* PROMPT
With the pictures removed, please write out every line below exactly as given.

* INFORMATION SUPPLIED
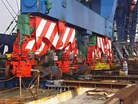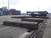 En attendant la partie la plus captivante : le déchargement, les travaux préparatoires se poursuivent. Dessaisissage en règle bien sûr, mais également implantation sur le quai des différentes poutres qui serviront à transférer la charge du portique depuis le navire vers le quai. Comme les photos ci-après le montrent, des bogies temporaires, perpendiculaires au quai, ont été insérés pour charger le portique, ils serviront également à son débarquement. Chacune des roues doit absorber une charge de 32,5 t : il y a en a 32, pour les 1 000 t du portique.
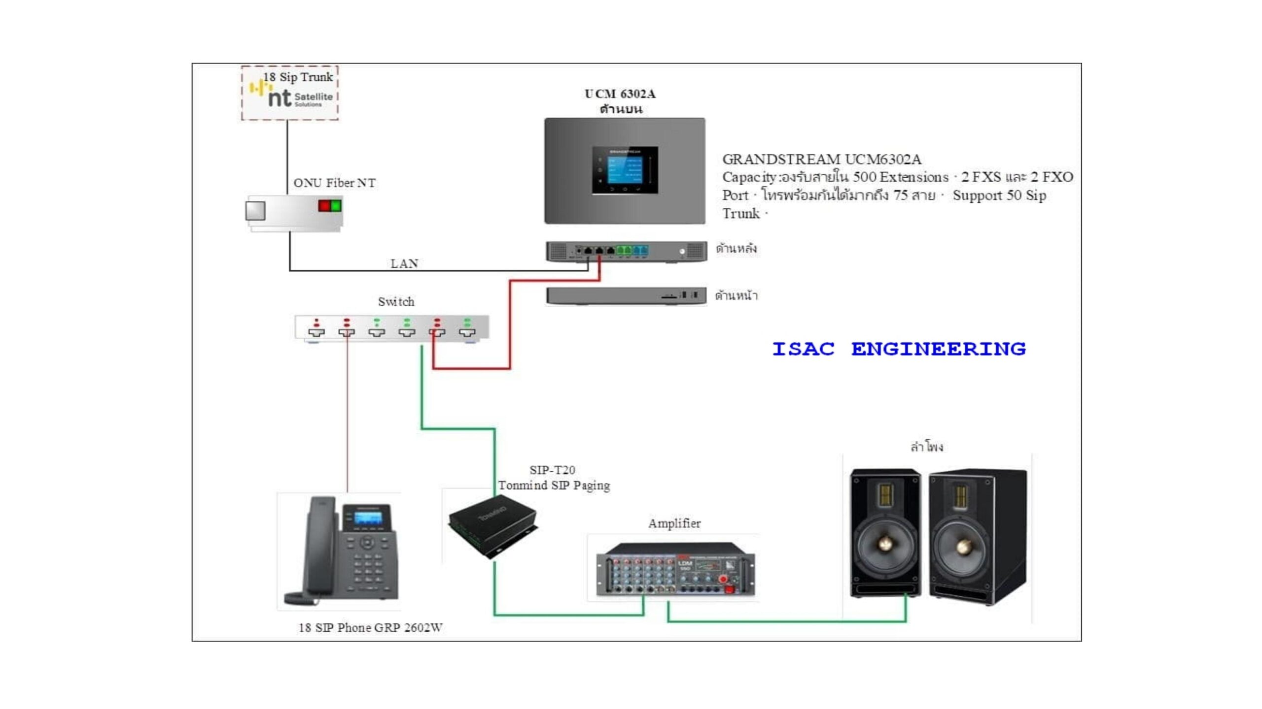 - SIP Paging รุ่น SIP-T20 สำหรับการประกาศเสียงออกลำโพง
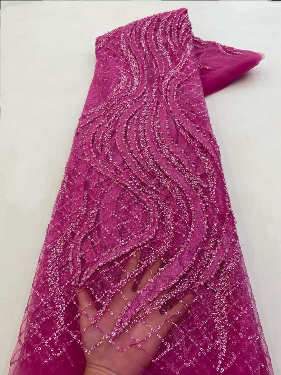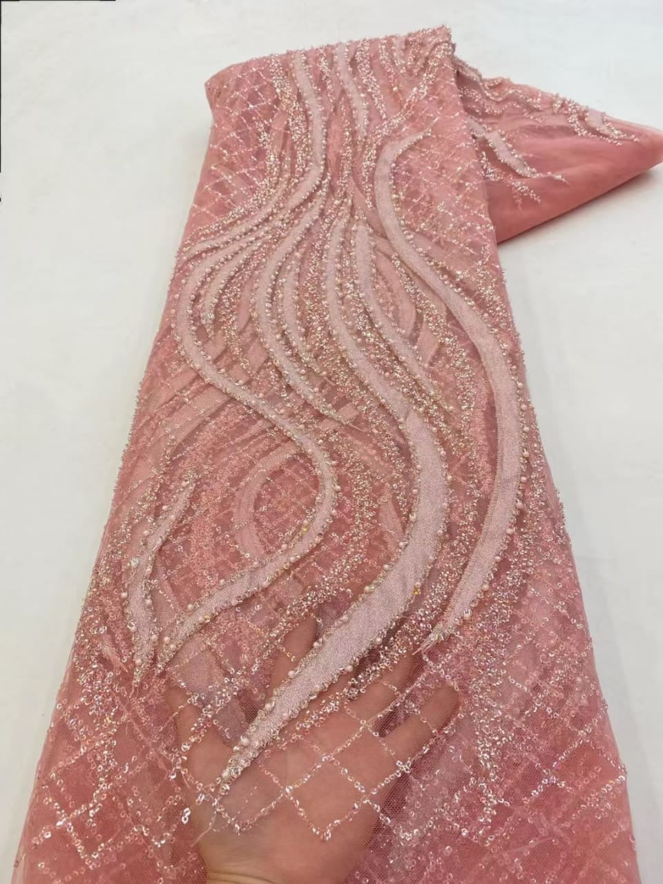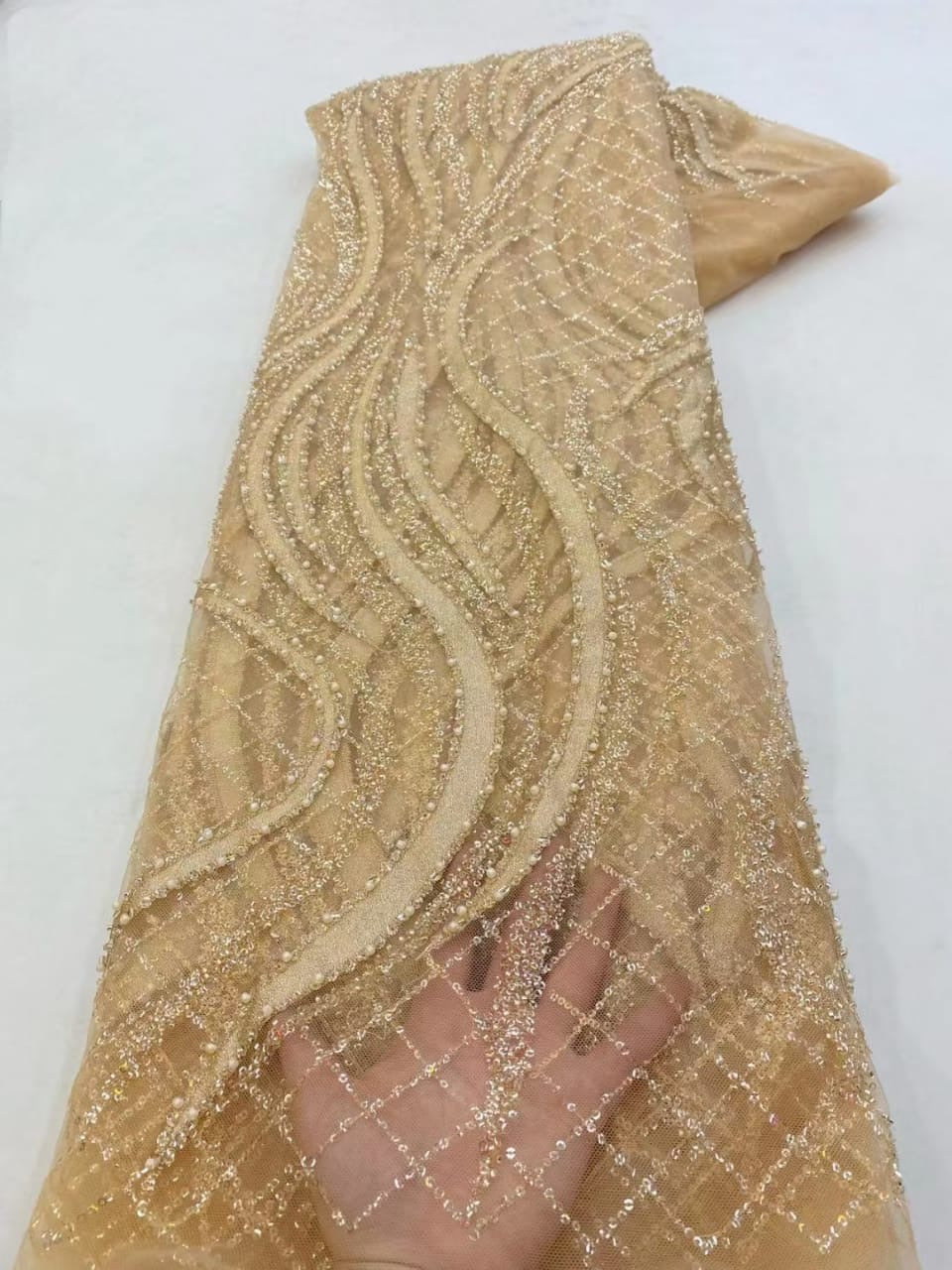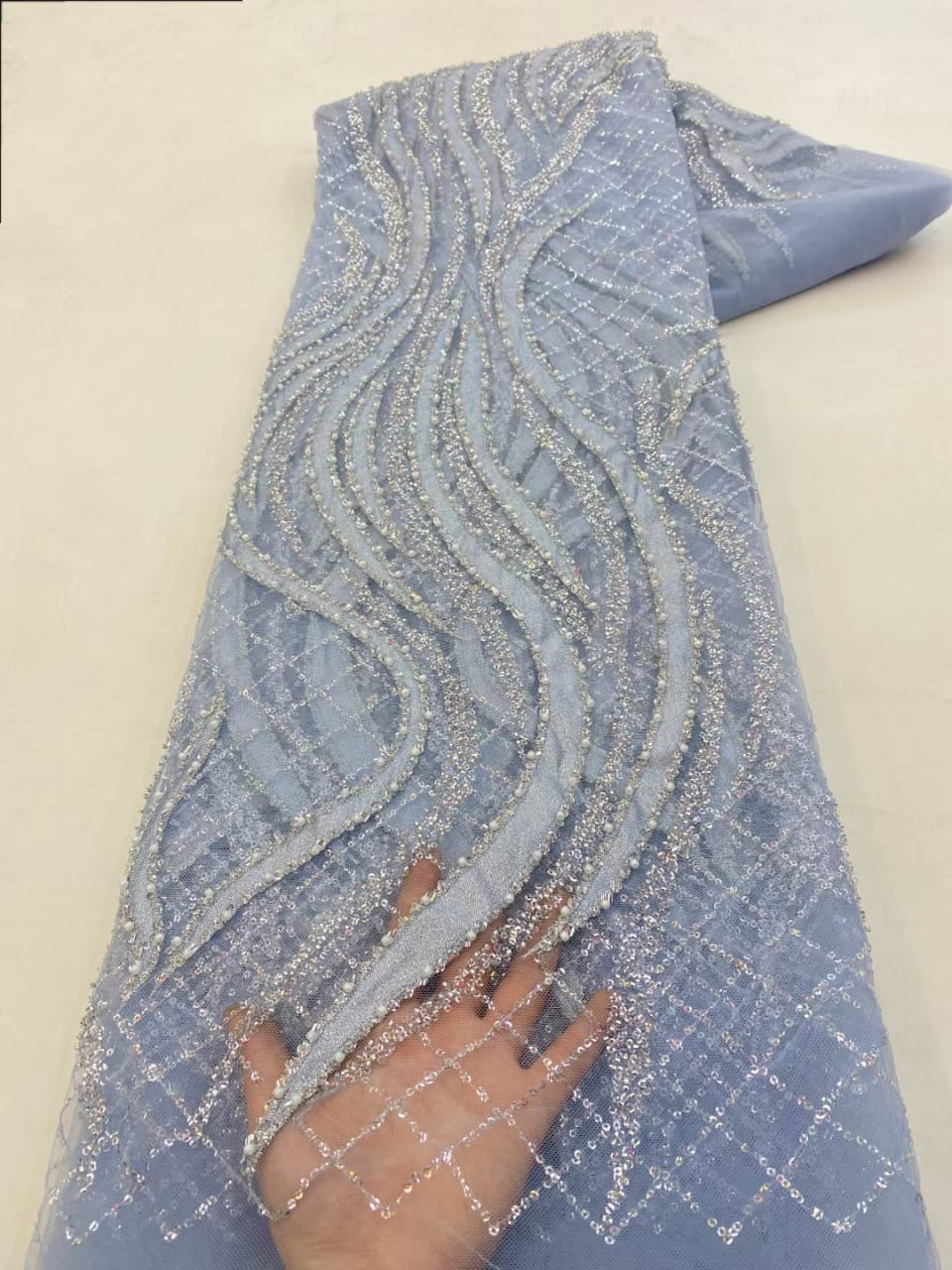 Esta tela de alta calidad se mide en 5 yardas con cuentas bordadas y lentejuelas. Es suave, muy delicado y bonito.

* YOUR RESPONSE
 En attendant la partie la plus captivante : le déchargement, les travaux préparatoires se poursuivent. Dessaisissage en règle bien sûr, mais également implantation sur le quai des différentes poutres qui serviront à transférer la charge du portique depuis le navire vers le quai. Comme les photos ci-après le montrent, des bogies temporaires, perpendiculaires au quai, ont été insérés pour charger le portique, ils serviront également à son débarquement. Chacune des roues doit absorber une charge de 32,5 t : il y a en a 32, pour les 1 000 t du portique.
 - SIP Paging รุ่น SIP-T20 สำหรับการประกาศเสียงออกลำโพง
 Esta tela de alta calidad se mide en 5 yardas con cuentas bordadas y lentejuelas. Es suave, muy delicado y bonito.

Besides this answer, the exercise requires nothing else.